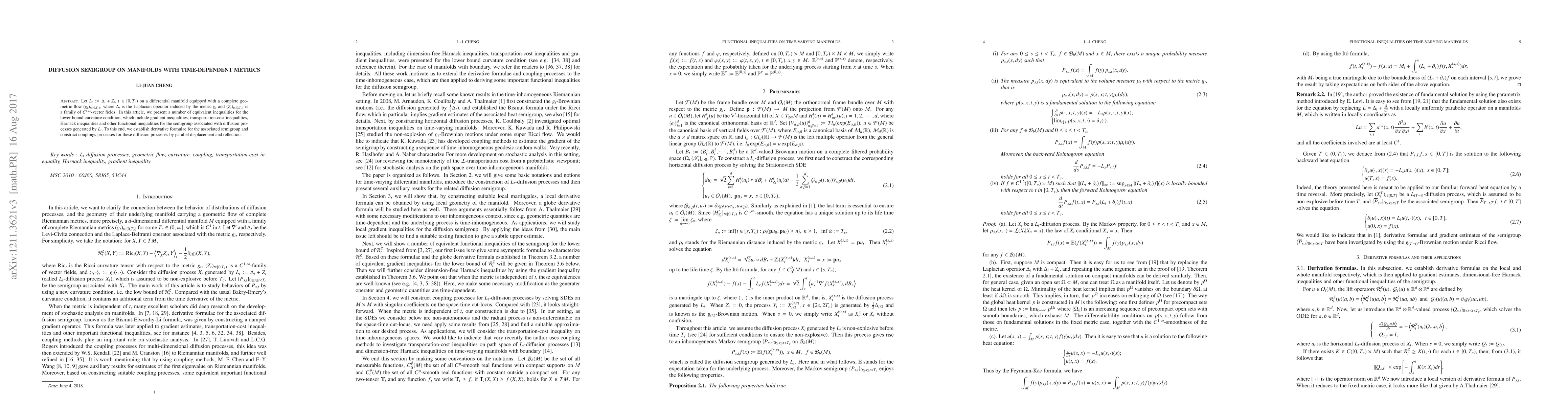 Let $L_t:=\Delta_t +Z_t $, $t\in [0,T_c)$ on a differential manifold equipped with time-depending complete Riemannian metric $(g_t)_{t\in [0,T_c)}$, where $\Delta_t$ is the Laplacian induced by $g_t$ and $(Z_t)_{t\in [0,T_c)}$ is a family of $C^{1,1}$-vector fields. We first present some explicit criteria for the non-explosion of the diffusion processes generated by $L_t$; then establish the derivative formula for the associated semigroup; and finally, present a number of equivalent semigroup inequalities for the curvature lower bound condition, which include the gradient inequalities, transportation-cost inequalities, Harnack inequalities and functional inequalities for the diffusion semigroup.
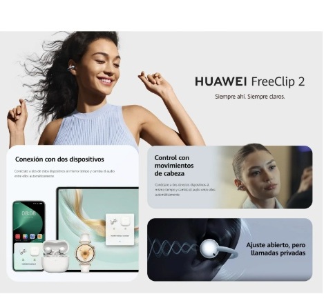 Los nuevos HUAWEI FreeClip 2 ya se pueden adquirir en la HUAWEI Online Store. Están disponibles en los colores azul, blanco, negro y oro rosa, por $169.990.
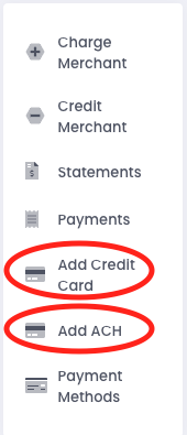 In the box near the left rail, select ‘Add Credit Card’ or ‘Add ACH’
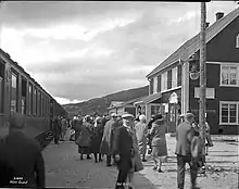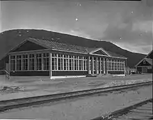 Construction of the station started in 1918 and was finished in 1921. The station, excluding its water tower and restaurant, cost 117,062 Norwegian krone (NOK) to build and took 26,883 man-hours.[1] The station and axillary buildings were designed by Gudmund Hoel of NSB Arkitektkontor.[2] The station opened with the first part of the Rauma Line on 19 November 1921. It remained the terminus until 25 November 1923, when the next section, to Verma Station, opened.[3]
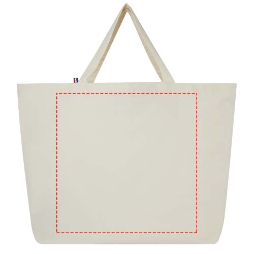 See suure mahutavusega kandekott on valmistatud parimatest, 100% taaskasutatud materjalidest. See on ehitatud igapäevaelus kasutamiseks ja sobib raskete raamatute või toidukaupade kaasaskandmiseks. 200 g/m² taaskasutatud puuvilla/polüestri segu tagab vastupidavuse ja töökindluse, andes kotile vastupidavuse kuni 14 kg kaalule. Lõngad pärinevad Aasiast, kuid kudumine, ketramine ja tootmine toimub Prantsusmaal.
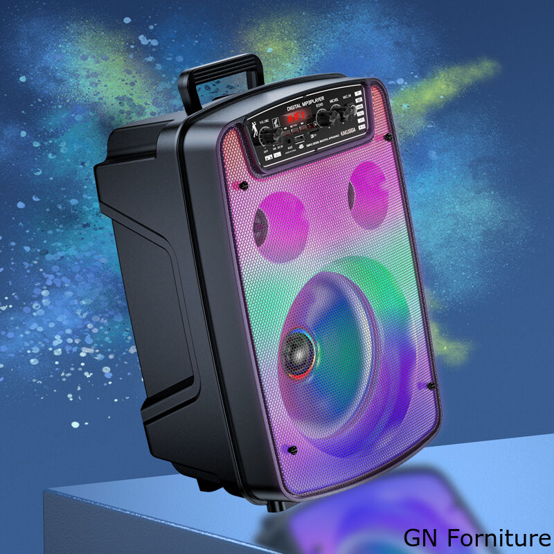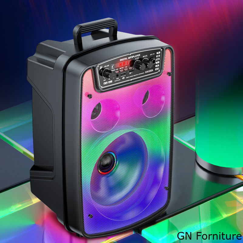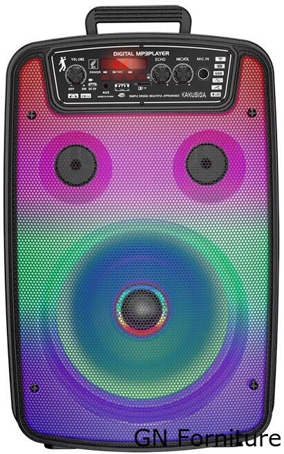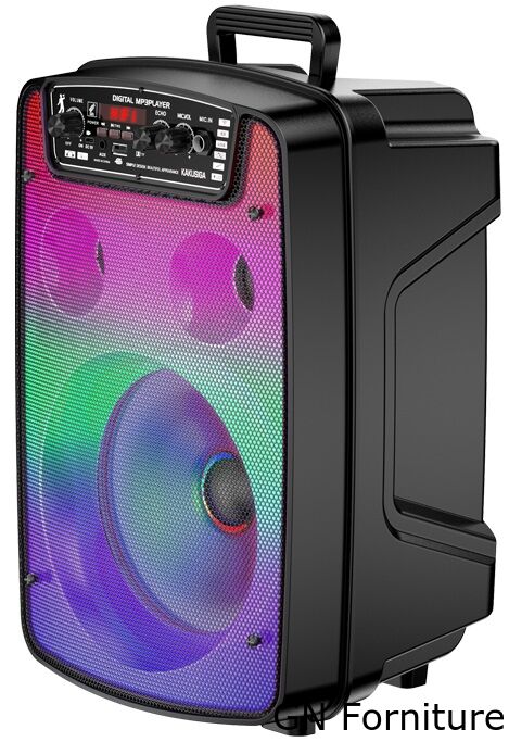 Altoparlante da otto pollici, suono dei bassi potente; Illuminazione colorata a LED, interruttore di illuminazione a tre modalità; batteria al litio di grande capacità, maggiore durata della batteria; materiale resistente all'usura e alla compressione, stabile e durevole; telecomando senza fili + microfono a filo;

++++++

Transcribe all entries above exactly. Drop the pictures.

 Let $L_t:=\Delta_t +Z_t $, $t\in [0,T_c)$ on a differential manifold equipped with time-depending complete Riemannian metric $(g_t)_{t\in [0,T_c)}$, where $\Delta_t$ is the Laplacian induced by $g_t$ and $(Z_t)_{t\in [0,T_c)}$ is a family of $C^{1,1}$-vector fields. We first present some explicit criteria for the non-explosion of the diffusion processes generated by $L_t$; then establish the derivative formula for the associated semigroup; and finally, present a number of equivalent semigroup inequalities for the curvature lower bound condition, which include the gradient inequalities, transportation-cost inequalities, Harnack inequalities and functional inequalities for the diffusion semigroup.
 Los nuevos HUAWEI FreeClip 2 ya se pueden adquirir en la HUAWEI Online Store. Están disponibles en los colores azul, blanco, negro y oro rosa, por $169.990.
 In the box near the left rail, select ‘Add Credit Card’ or ‘Add ACH’
 Construction of the station started in 1918 and was finished in 1921. The station, excluding its water tower and restaurant, cost 117,062 Norwegian krone (NOK) to build and took 26,883 man-hours.[1] The station and axillary buildings were designed by Gudmund Hoel of NSB Arkitektkontor.[2] The station opened with the first part of the Rauma Line on 19 November 1921. It remained the terminus until 25 November 1923, when the next section, to Verma Station, opened.[3]
 See suure mahutavusega kandekott on valmistatud parimatest, 100% taaskasutatud materjalidest. See on ehitatud igapäevaelus kasutamiseks ja sobib raskete raamatute või toidukaupade kaasaskandmiseks. 200 g/m² taaskasutatud puuvilla/polüestri segu tagab vastupidavuse ja töökindluse, andes kotile vastupidavuse kuni 14 kg kaalule. Lõngad pärinevad Aasiast, kuid kudumine, ketramine ja tootmine toimub Prantsusmaal.
 Altoparlante da otto pollici, suono dei bassi potente; Illuminazione colorata a LED, interruttore di illuminazione a tre modalità; batteria al litio di grande capacità, maggiore durata della batteria; materiale resistente all'usura e alla compressione, stabile e durevole; telecomando senza fili + microfono a filo;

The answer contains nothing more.